First, not so much “guidance,” but an important development, Ranking Members of relevant Congressional Committees sent a letter to the Secretary of Treasury and Commissioner of Internal Revenue. The letter calls out four SECURE 2.0 sections that were drafted incorrectly and require legislative correction. Of particular note, there is a provision of SECURE 2.0 that requires employees who made $145,000 in the prior year to make catch-up contributions on a “Roth” basis beginning January 1, 2024. This provision has been interpreted to inadvertently eliminate the ability to make catch-up contributions altogether. It is welcomed news that this potential problem will hopefully be addressed soon.
More substantively, this new requirement for certain participants to make catch-up contributions on a Roth basis has probably received the most attention from employers given the fast approaching effective date, the wide-ranging impacts, and remaining confusion/questions. It has been reported that large recordkeepers have been meeting with the IRS to obtain answers to the questions, and have requested a delay of the effective date. Such a delay seems unlikely given that: (1) this provision was put in place in order to raise money to support other aspects of SECURE 2.0, and (2) the section at issue does not provide the IRS with the regulatory authority to extend the effective date (i.e., it seemingly would require an act of Congress). Stay tuned, but in the meantime, efforts toward achieving compliance and communicating with employees is advised.
Second, the IRS recently issued Notice 2023-43 addressing SECURE 2.0’s expansion of the IRS correction program known as the Employee Plans Compliance Resolution System (“EPCRS”). The Notice generally provides guidance relative to broadening the ability for plan sponsors to “self-correct” certain failures (as opposed to submitting a formal application to the IRS along with a fee). Without getting into too much detail, the new law expands the time frame during which employers may self-correct including self-correction by way of retroactive amendment (which in and of itself is a relatively new concept under EPCRS). This is a welcomed expansion and should make it easier to correct plan failures and protect plans’ tax favored status (and avoid additional monetary penalties). The notice enumerates conditions that must be satisfied in order to take advantage of the new law and extended time frame.

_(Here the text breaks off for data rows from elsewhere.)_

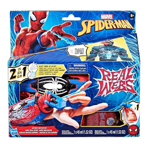 Sei pronto a lanciare ragnatele realistiche, proprio come spider-man? Il blaster di ragnatele eccezionale di spider-man è dotato di un innovativo fluido che si trasforma in una ragnatela simile a un gel con cui poter giocare! Questo blaster è dotato di ragnatele di ultima generazione e presenta 3 modalità di gioco. I bambini e le bambine dai 5 anni in su possono allacciare il blaster al polso, sfoggiare la loro migliore posa da spider-man e premere il pulsante per lanciare ragnatele o acqua! Gioca con le ragnatele per immaginare di catturare il nuovo nemico di spider-man o usale per avvolgere le action figure o i playset (venduti separatamente) per creare il tuo fantastico mondo di spider-man! Il blaster include 1 bottiglietta di ragnatele realistiche (ricariche disponibili, vendute separatamente) e 1 bottiglietta ricaricabile per l'acqua. Il nuovo blaster di ragnatele è un'ottima idea regalo per ragazzi e ragazze ispirata a spider-man e può essere una divertente e avvincente aggiunta ai costumi o alla maschera di spider-man
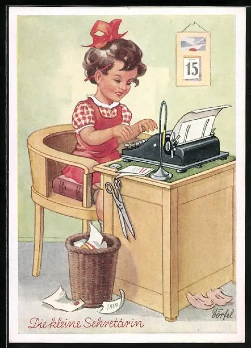 Künstler-AK sign. Dörfel: Die kleine Sekretärin, Mädchen an der Schreibmaschine
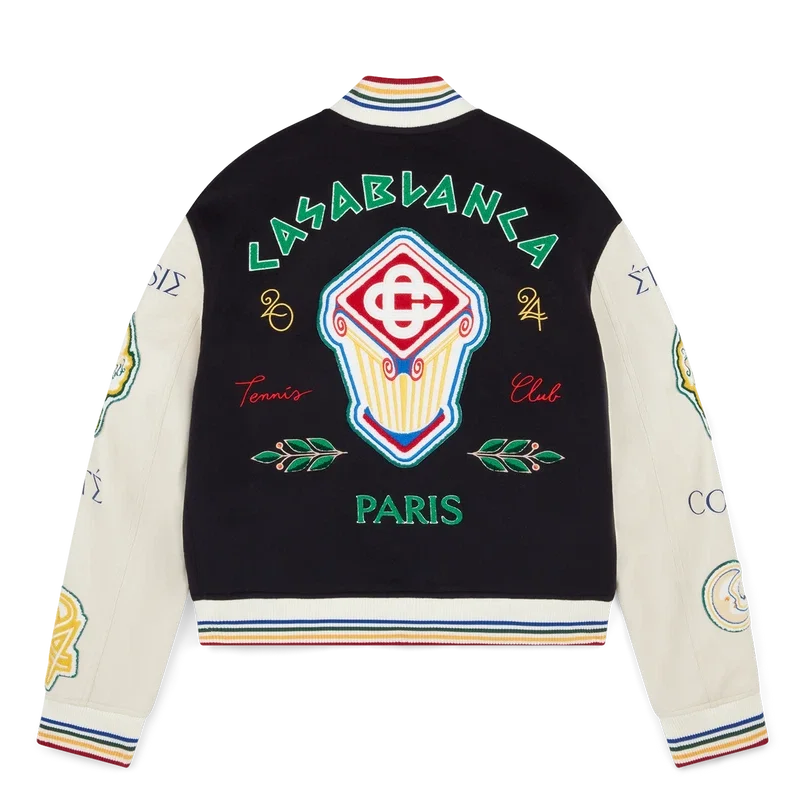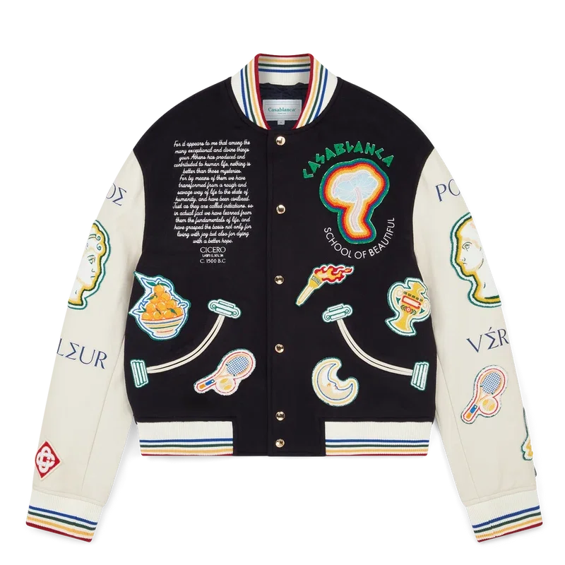 Jacheta bomber din patchwork de chenilă este o jachetă tradițională în stil bomber, cu elemente iconografice utilizate în colecțiile anterioare, confecționată din lână virgină și piele, cu broderii cu litere grecești care reflectă influența Greciei Antice, împletite cu elemente futuriste și elemente de design caracteristice casei, precum frunza de laur, o rachetă și o minge de tenis, portocale și o torță. Completată cu motive sezoniere din Grecia Antică, deschideri de buzunare create de o coloană ionică curbată, închidere cu nasturi cu accesorii metalice placate cu aur, guler ridicat din tricot, manșete și tiv cu detalii din dungi multicolore.
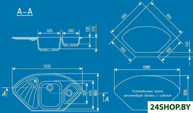 - Форма: угловая

On a related note, as previously reported, the amendment deadline for SECURE 2.0 is a ways off, as is the amendment deadline for the “CARES Act” and the original “SECURE Act” (December 31, 2025 for most plans). Notwithstanding, amendments for the CARES Act should be put in place now because employers already made their decisions relative to their options under the CARES Act, and the operational aspects of those options are no longer in effect. Accordingly, those amendments should be put in place in order to put the issue to bed and before memories fade relative to the chosen options thereby impeding the ability appropriately put the amendment in place.